_ASSIGNED TASK_
Retype the lines from the one containing "Problem: There are" through the last line of the entries below, exactly and in full, omitting every image.

Saved data entries
★ ★ ★
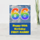 The front of this fun 66th birthday greeting card design features a depiction of a cloudy blue sky, along with the number "66" having a multicolored rainbow spectrum like gradient pattern. The front also features a birthday greeting message, including an editable recipient name. The inside features a customizable birthday greeting message, or could perhaps be cleared and left blank if a message is to be written by hand instead. A customizable birthday card like this might be a fun way to acknowledge somebody’s sixty sixth birthday. [~Z0000370]
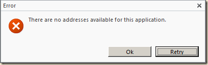Problem: There are no addresses available for this application
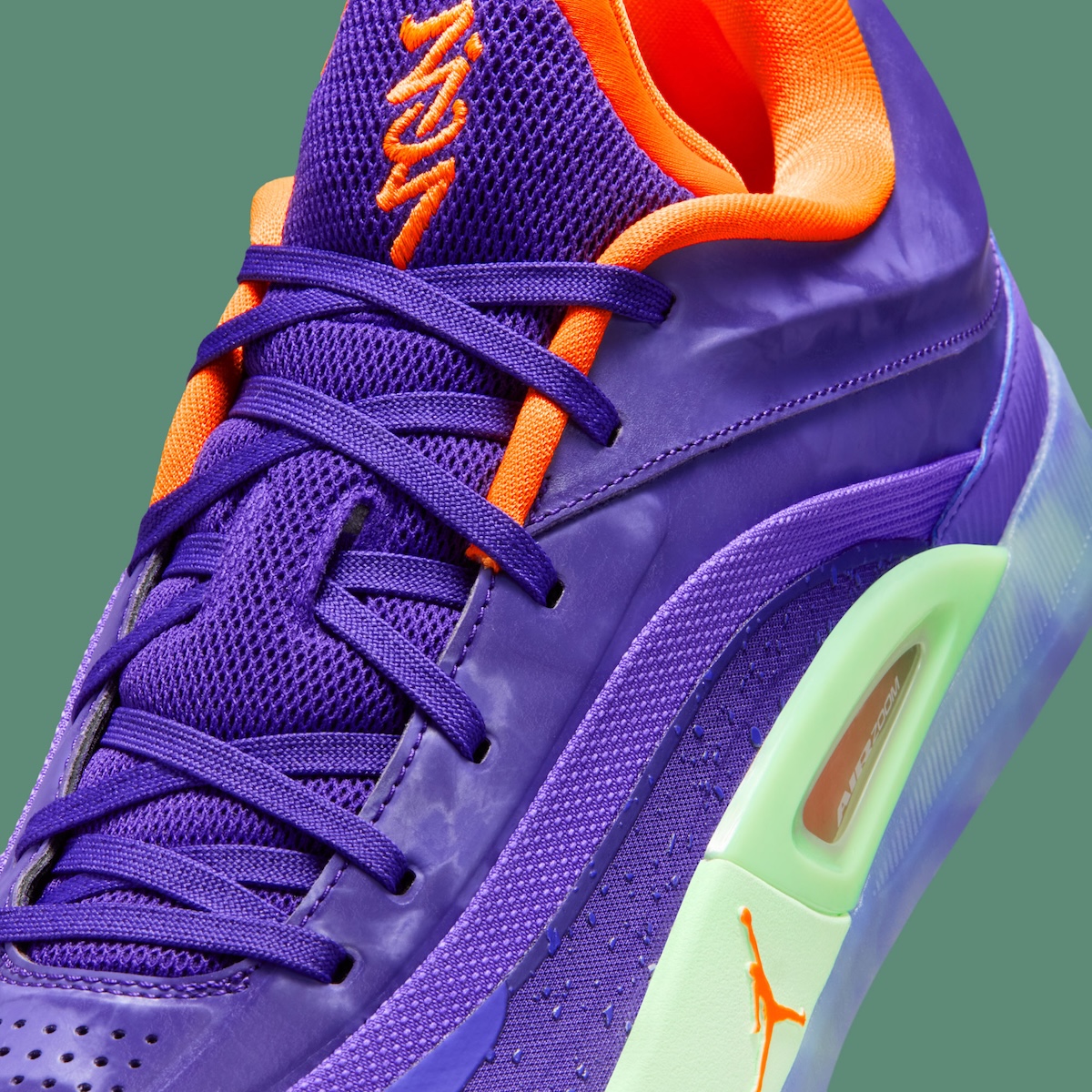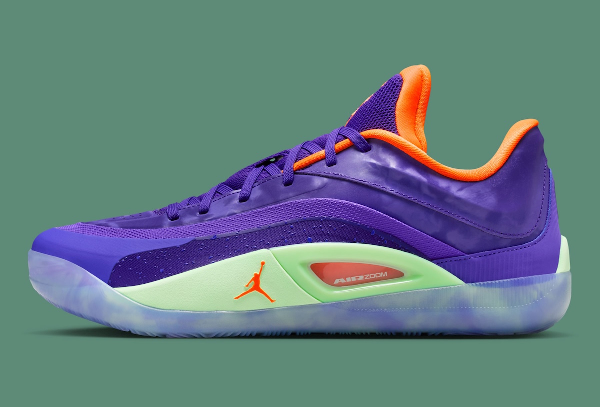Air Zoom units are accented with a green tint. Liner, tongue and heel branding are accented in orange. Zion branding is also visible on the heel and tongue of the shoe, while an icy translucent color is used for the outsole. A swirling graphic can also be found within the outsole in purple and green.
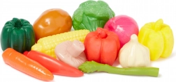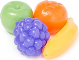 Plastično voće i povrće, dopunjeni minijaturnim kutijicama i konzervama, izgledaju kao pravi. Djeca će lako prepoznati bananu, grožđe, kukuruz, papriku ili šampinjon i naučiti nazive uobičajenih namirnica.
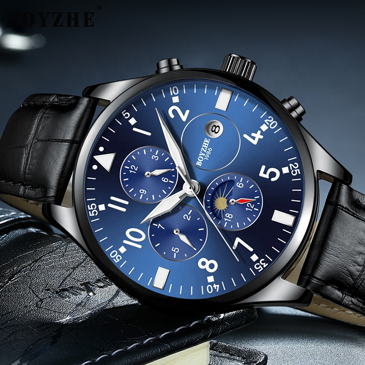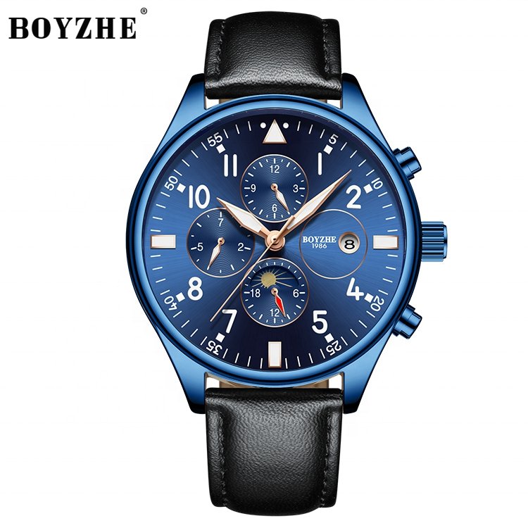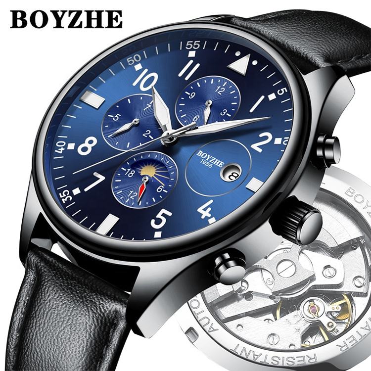 นาฬิกาข้อมือผู้ชาย BOYZHE จัดส่งเร็ว ขายดี นาฬิกาจักรกลสุดหรู สายหนัง พร้อมบริการดรอปชิป
★ ★ ★
_WRITTEN SOLUTION_
Problem: There are no addresses available for this application
Air Zoom units are accented with a green tint. Liner, tongue and heel branding are accented in orange. Zion branding is also visible on the heel and tongue of the shoe, while an icy translucent color is used for the outsole. A swirling graphic can also be found within the outsole in purple and green.
 Plastično voće i povrće, dopunjeni minijaturnim kutijicama i konzervama, izgledaju kao pravi. Djeca će lako prepoznati bananu, grožđe, kukuruz, papriku ili šampinjon i naučiti nazive uobičajenih namirnica.
 นาฬิกาข้อมือผู้ชาย BOYZHE จัดส่งเร็ว ขายดี นาฬิกาจักรกลสุดหรู สายหนัง พร้อมบริการดรอปชิป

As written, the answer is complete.